The term torticollis is derived from the Latin words tortus for twisted and collum for neck. while the head is tilted to effected side, it faces to opposite side.
How many types are available in Torticollis?
Torticollis has many types. Congenital muscular torticollis is the most common type. It can also be secondary to cervical bony deformities, ocular problems and neurologic diseases.
What causes the deformity?
The cause of congenital muscular torticollis is unclear. In congenital muscular torticollis etiology, there are several theories. One hypothesis blames birth trauma as causing the bleeding into the sternocleidomastoid muscle. According to this theory, fibrosis, a scar tissue formation is seen following the bleeding and this fibrous tissue lead the SCM muscle shorten. Another theory advocates that a kind of compartment syndrome causes the SCM muscle fibrosis. Also, repetitive intrauterine micro trauma are believed to cause SCM muscle shortening.
What are the clinical signs?
Parents notice the twisted neck and sometimes facial and head asymmetry. An olive sized nodule can be palpable in the sternocleidomastoid muscle. Typically, the head is tilted one side and face turned to the opposite direction. Patients should be evaluated for following conditions:
1- Klippel -Feil Syndrome is characterized with short neck, cervical vertebral abnormalities.
2- Ocular torticollis, certain eye muscle disfunction may cause the deformity.
3- Neurological diseases like dystonia may be underlying problem.
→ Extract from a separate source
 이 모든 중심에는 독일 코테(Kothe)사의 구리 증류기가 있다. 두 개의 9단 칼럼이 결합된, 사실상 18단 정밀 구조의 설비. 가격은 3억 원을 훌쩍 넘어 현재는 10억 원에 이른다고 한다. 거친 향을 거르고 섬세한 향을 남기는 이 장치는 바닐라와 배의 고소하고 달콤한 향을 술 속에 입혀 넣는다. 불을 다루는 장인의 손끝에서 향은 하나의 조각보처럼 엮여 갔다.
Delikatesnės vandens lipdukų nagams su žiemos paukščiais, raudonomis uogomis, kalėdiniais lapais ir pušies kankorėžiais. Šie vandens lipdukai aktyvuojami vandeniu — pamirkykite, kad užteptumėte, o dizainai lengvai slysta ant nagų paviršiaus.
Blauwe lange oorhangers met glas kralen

Facial asymmetry and plagiocephaly should be evaluated and particularly for plagiocephaly, a pediatric neurosurgery consultation may be called. One should also keep in mind the increased co-incidence with developmental hip dysplasia. Thus, all children with torticollis should be evaluated by physical examination and hip ultrasonography.
Which diagnostic tests are required?
Physical examination and ultrasonography may show a nodular lesion within the SCM muscle as well as muscle thickening. Those finding confirm the diagnosis of muscular torticollis. A cervical spine radiography is helpful to rule out the cervical vertebral anomalies. An MRI study may be required to rule out the neurological diseases like syringomyelia.
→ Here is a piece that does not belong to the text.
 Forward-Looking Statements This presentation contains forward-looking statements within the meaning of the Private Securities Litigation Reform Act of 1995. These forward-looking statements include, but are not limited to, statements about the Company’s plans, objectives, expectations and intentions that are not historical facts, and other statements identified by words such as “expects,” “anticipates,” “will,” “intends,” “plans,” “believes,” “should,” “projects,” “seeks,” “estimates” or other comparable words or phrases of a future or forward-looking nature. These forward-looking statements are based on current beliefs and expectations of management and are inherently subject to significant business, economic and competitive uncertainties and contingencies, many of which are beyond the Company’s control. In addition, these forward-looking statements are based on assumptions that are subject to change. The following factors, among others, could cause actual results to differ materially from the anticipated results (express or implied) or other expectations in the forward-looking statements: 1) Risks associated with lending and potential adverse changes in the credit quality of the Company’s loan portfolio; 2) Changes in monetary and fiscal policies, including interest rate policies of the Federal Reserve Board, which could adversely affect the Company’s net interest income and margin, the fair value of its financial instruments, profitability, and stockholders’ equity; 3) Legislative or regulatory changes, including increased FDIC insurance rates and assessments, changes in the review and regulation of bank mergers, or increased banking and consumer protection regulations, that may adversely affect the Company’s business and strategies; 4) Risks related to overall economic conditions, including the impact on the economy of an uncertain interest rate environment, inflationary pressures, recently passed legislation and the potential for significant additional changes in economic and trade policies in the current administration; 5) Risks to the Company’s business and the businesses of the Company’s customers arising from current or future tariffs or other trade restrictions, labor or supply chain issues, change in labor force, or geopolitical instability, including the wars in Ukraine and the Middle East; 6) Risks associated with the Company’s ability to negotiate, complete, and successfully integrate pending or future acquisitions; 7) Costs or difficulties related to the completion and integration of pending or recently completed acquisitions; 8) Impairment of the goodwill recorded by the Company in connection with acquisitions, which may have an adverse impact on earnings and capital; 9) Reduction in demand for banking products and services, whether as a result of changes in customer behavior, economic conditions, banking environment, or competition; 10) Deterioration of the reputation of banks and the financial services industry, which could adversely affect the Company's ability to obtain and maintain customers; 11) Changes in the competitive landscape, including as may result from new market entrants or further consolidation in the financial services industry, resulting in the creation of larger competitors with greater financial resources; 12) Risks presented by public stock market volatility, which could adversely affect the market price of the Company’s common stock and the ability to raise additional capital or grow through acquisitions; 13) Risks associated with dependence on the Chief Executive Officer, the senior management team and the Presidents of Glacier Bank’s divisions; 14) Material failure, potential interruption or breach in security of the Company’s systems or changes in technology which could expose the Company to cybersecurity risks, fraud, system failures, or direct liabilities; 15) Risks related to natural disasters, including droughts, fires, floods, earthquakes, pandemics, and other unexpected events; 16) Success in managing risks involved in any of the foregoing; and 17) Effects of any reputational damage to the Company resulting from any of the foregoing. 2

The main pathology in muscular torticollis is Sternocleidomastoid muscle. I encourage the parents to do stretching exercises as advised. Most cases are resolved with regular stretching exercises. I recommend to continue the exercises up to two years of age. Children over 2 years of age may require surgical release. I perform either unipolar or bipolar release depending on the age and the severity of torticollis. In unipolar surgery, distal clavicular and sternal parts of muscles are cut, whereas in bipolar surgery also proximal attachment to the mastoid is severed.